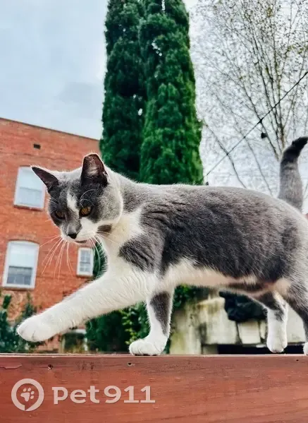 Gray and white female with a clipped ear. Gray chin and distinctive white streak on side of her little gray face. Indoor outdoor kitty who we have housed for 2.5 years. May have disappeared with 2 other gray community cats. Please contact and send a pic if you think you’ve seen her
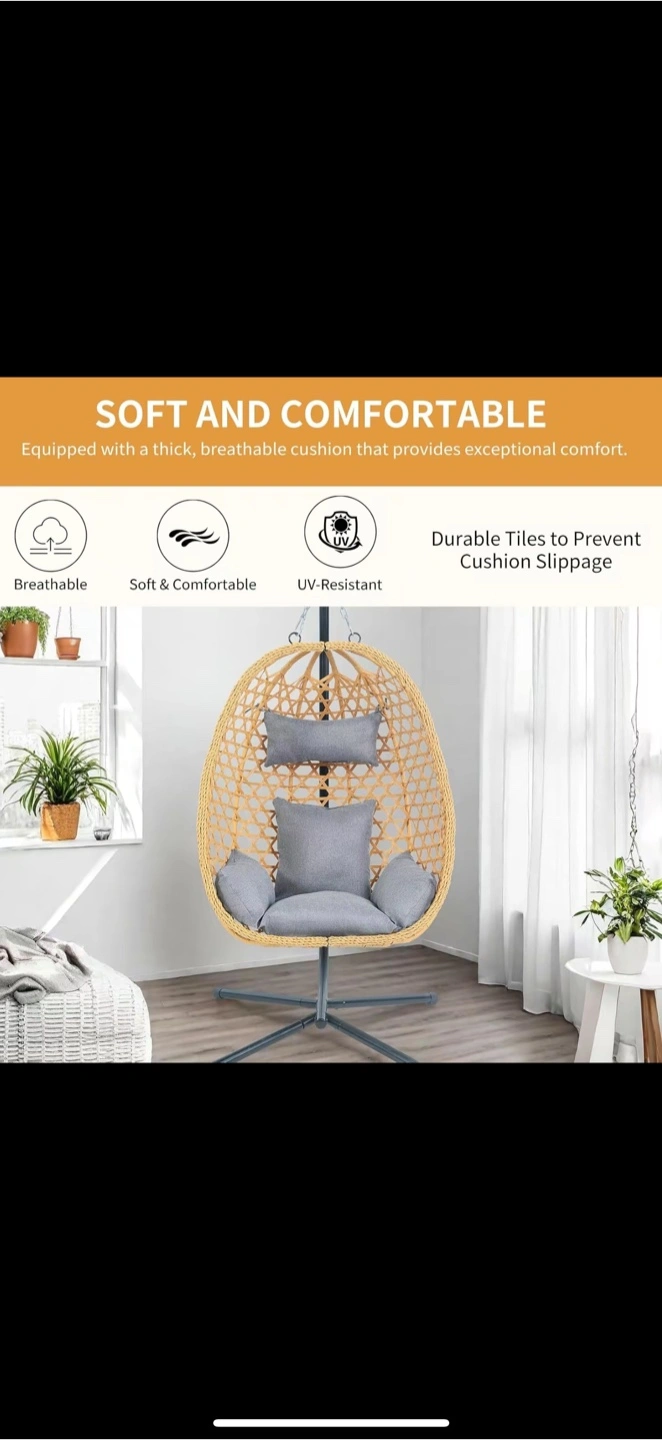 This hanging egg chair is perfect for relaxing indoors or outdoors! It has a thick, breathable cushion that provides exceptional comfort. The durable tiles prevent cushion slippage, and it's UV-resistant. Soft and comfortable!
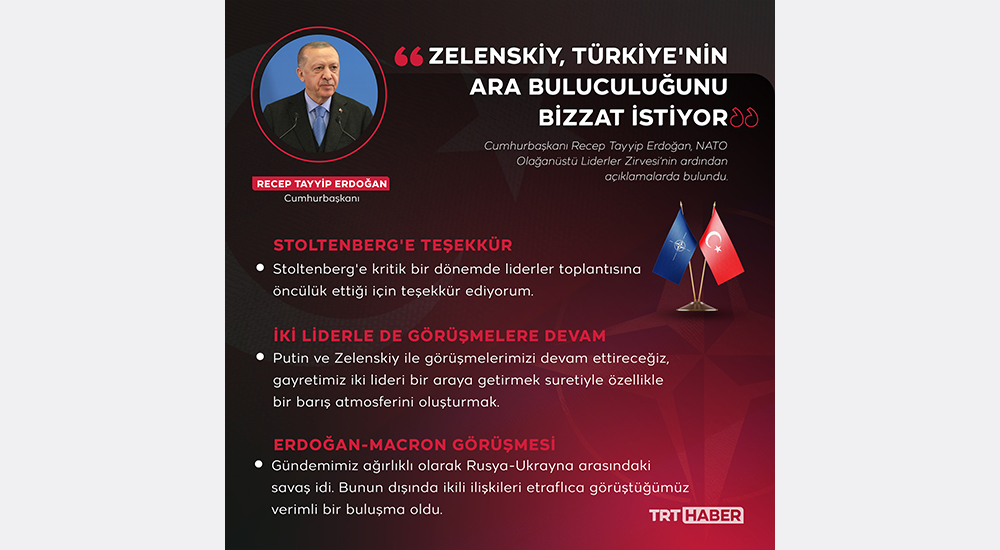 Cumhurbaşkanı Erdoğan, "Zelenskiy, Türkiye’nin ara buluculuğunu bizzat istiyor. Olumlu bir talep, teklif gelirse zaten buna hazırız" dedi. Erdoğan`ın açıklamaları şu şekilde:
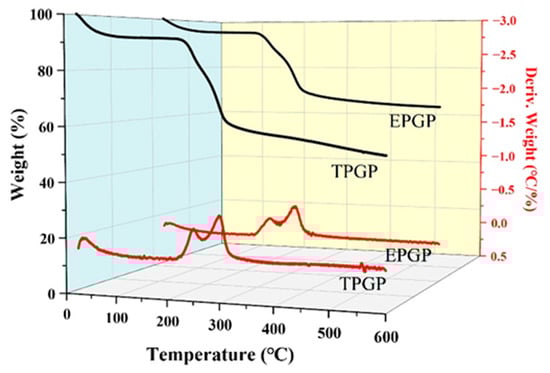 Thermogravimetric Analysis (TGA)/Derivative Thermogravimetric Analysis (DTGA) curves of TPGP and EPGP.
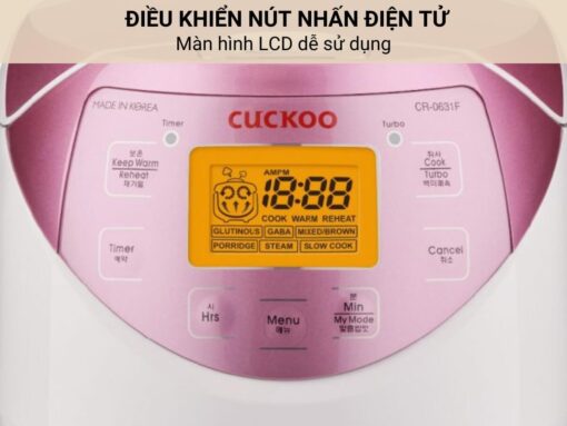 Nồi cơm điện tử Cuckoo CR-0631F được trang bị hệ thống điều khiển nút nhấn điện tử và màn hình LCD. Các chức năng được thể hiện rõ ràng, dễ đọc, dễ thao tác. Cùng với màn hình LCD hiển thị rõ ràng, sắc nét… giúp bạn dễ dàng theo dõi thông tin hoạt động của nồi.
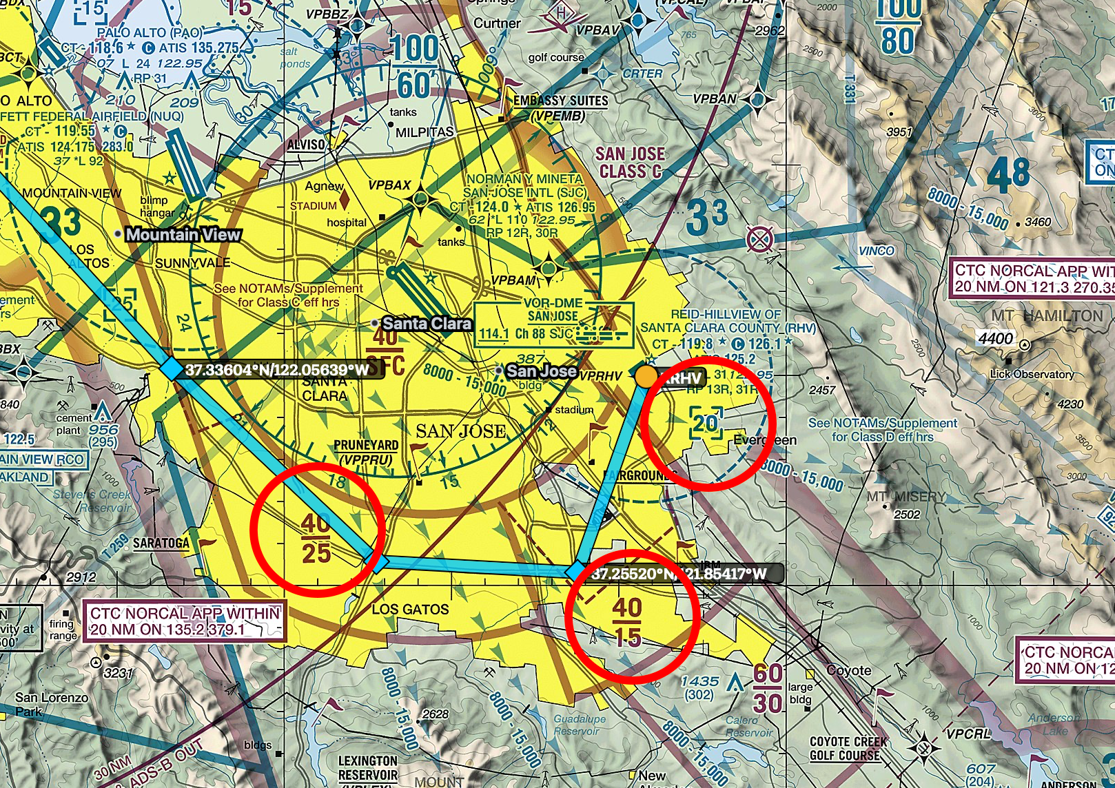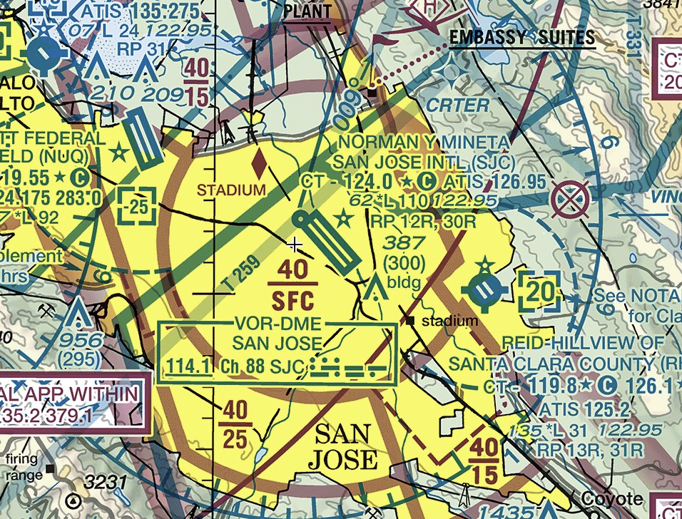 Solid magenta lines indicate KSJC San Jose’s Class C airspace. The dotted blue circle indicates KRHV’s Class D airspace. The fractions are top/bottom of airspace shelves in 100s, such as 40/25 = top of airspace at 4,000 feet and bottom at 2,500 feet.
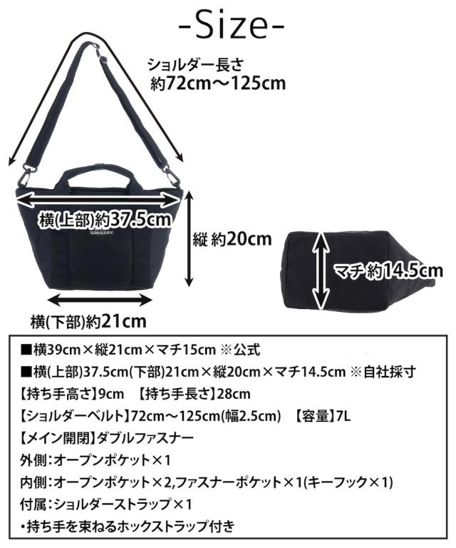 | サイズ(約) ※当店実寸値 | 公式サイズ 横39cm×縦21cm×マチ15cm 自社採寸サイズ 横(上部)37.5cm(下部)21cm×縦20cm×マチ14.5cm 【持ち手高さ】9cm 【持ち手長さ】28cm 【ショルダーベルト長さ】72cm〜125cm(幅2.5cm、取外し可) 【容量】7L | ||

* * *

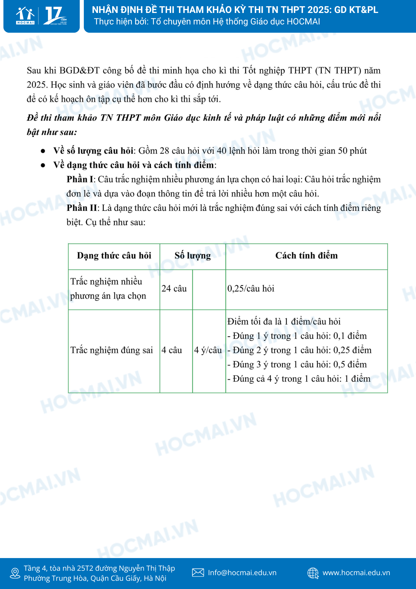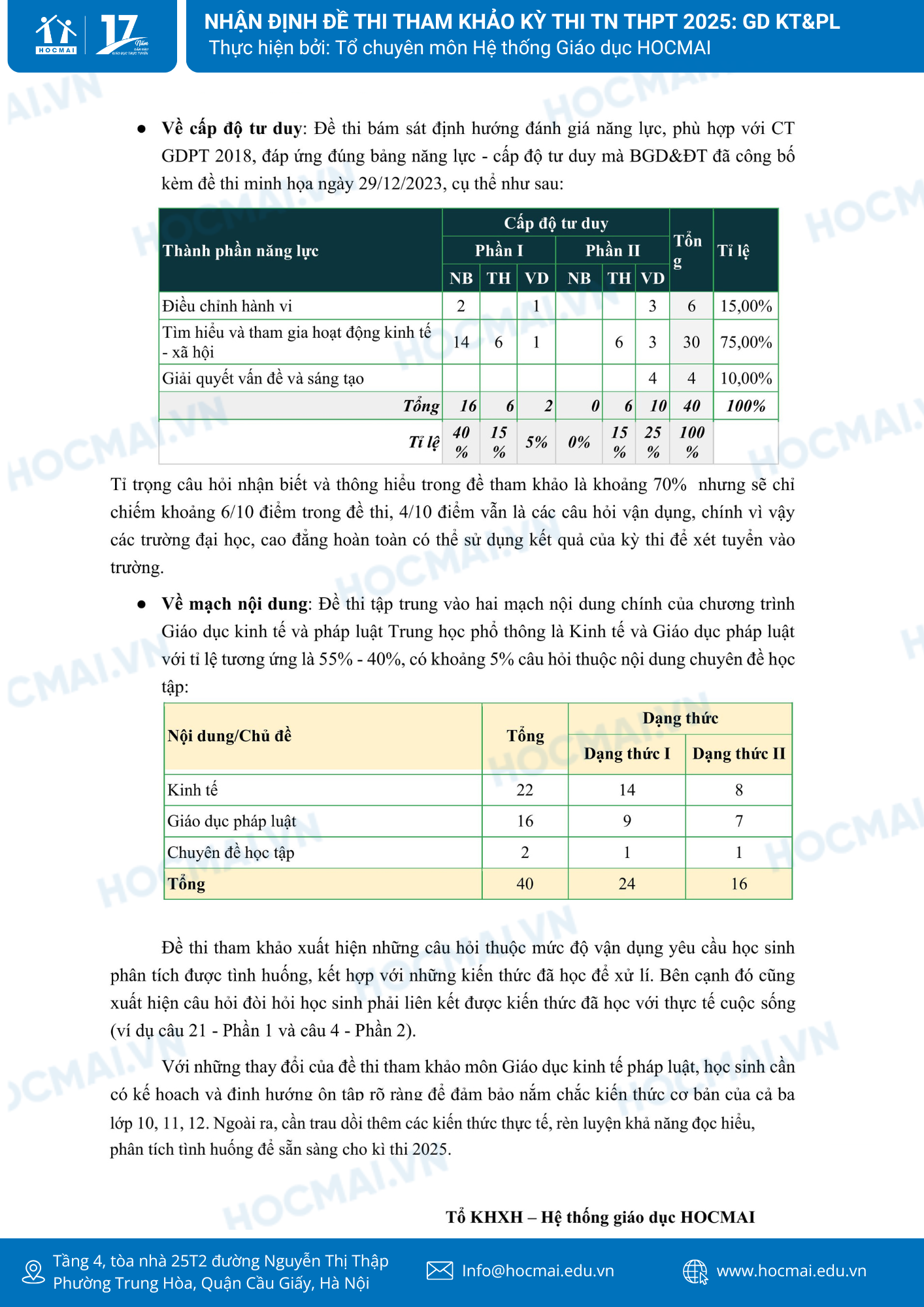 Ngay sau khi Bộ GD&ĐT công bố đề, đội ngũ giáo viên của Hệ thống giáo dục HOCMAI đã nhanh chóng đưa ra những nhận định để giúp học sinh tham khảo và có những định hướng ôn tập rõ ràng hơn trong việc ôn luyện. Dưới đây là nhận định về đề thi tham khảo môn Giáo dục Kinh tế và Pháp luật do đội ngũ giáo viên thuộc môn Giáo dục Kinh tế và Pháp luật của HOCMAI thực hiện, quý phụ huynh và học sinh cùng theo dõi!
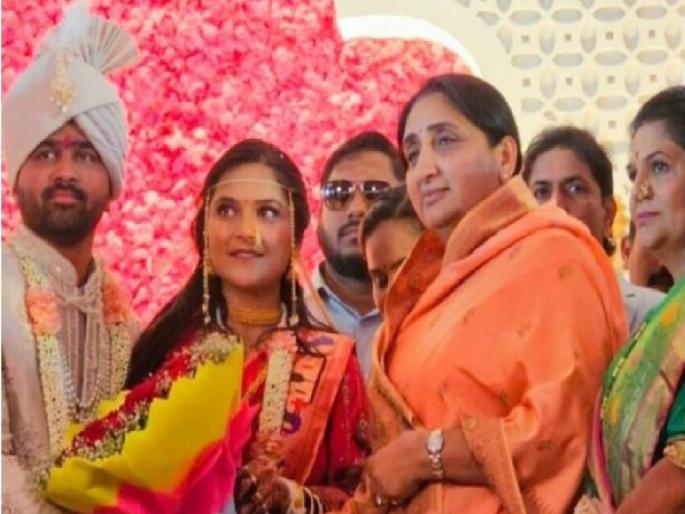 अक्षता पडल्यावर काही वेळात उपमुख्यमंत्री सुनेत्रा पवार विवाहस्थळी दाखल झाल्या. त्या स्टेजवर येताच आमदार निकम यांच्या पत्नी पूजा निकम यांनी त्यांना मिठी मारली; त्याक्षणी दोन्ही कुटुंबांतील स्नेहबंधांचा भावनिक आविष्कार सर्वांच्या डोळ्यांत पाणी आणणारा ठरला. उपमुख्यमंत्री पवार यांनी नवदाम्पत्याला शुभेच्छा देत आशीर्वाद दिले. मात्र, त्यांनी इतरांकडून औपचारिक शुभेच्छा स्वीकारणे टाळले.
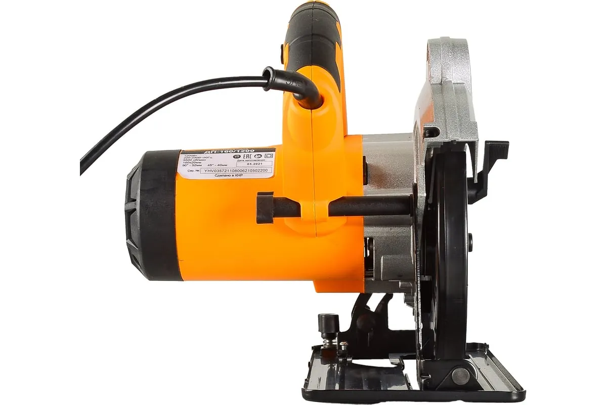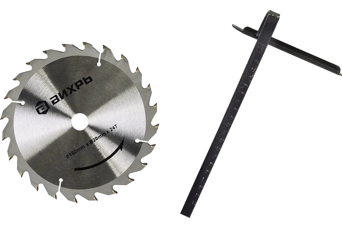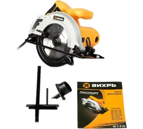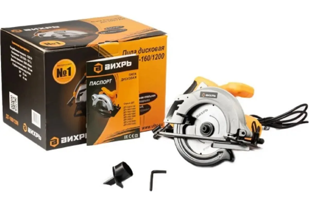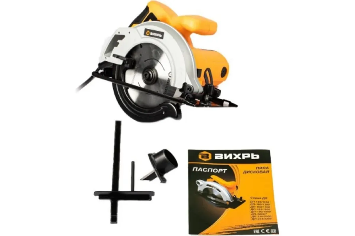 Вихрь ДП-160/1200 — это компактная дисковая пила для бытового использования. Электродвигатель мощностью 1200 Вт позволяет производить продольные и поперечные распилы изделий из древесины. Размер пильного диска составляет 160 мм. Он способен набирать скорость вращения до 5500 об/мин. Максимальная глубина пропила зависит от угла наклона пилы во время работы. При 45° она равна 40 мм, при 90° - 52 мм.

* * *

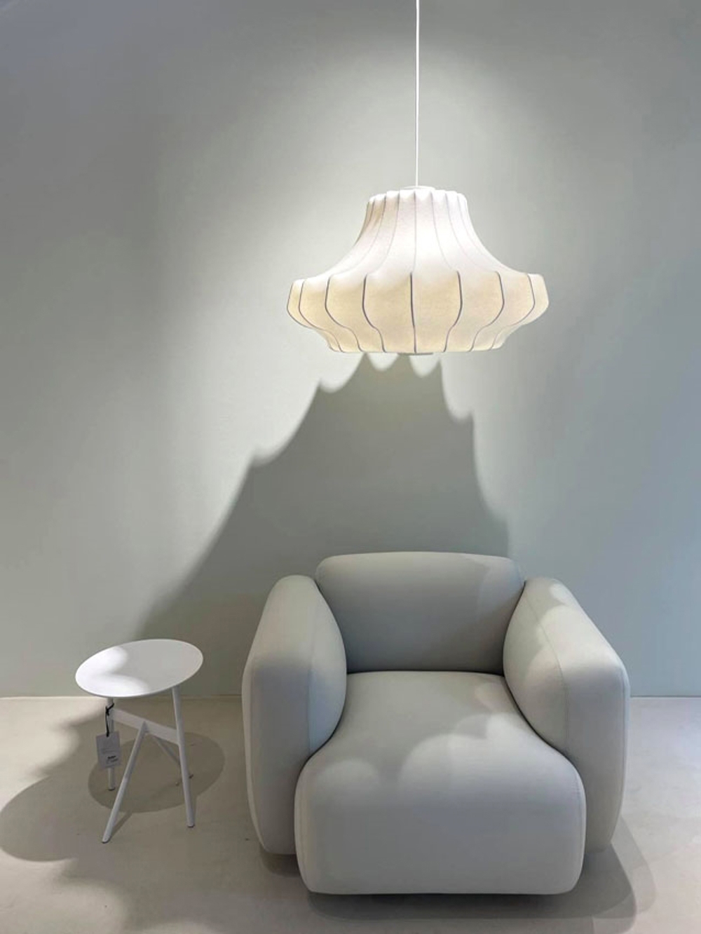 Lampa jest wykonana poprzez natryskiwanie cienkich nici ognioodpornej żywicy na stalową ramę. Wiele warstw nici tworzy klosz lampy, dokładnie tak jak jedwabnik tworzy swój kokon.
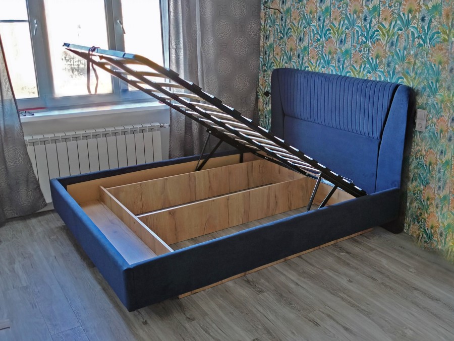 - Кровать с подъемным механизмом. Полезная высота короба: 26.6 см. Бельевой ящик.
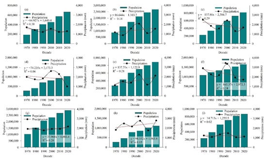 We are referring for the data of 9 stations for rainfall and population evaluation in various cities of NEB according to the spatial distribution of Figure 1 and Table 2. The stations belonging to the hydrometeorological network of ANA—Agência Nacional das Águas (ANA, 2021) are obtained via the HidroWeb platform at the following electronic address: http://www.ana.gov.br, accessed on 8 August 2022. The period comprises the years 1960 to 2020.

* **EXERCISE DESCRIPTION**: In the entries above, find the line containing "Lampa jest wykonana" and the line containing "We are referring"; give again exactly those two lines and every line between them, minus the pictures.

* **TASK RESULT**:
 Lampa jest wykonana poprzez natryskiwanie cienkich nici ognioodpornej żywicy na stalową ramę. Wiele warstw nici tworzy klosz lampy, dokładnie tak jak jedwabnik tworzy swój kokon.
 - Кровать с подъемным механизмом. Полезная высота короба: 26.6 см. Бельевой ящик.
 We are referring for the data of 9 stations for rainfall and population evaluation in various cities of NEB according to the spatial distribution of Figure 1 and Table 2. The stations belonging to the hydrometeorological network of ANA—Agência Nacional das Águas (ANA, 2021) are obtained via the HidroWeb platform at the following electronic address: http://www.ana.gov.br, accessed on 8 August 2022. The period comprises the years 1960 to 2020.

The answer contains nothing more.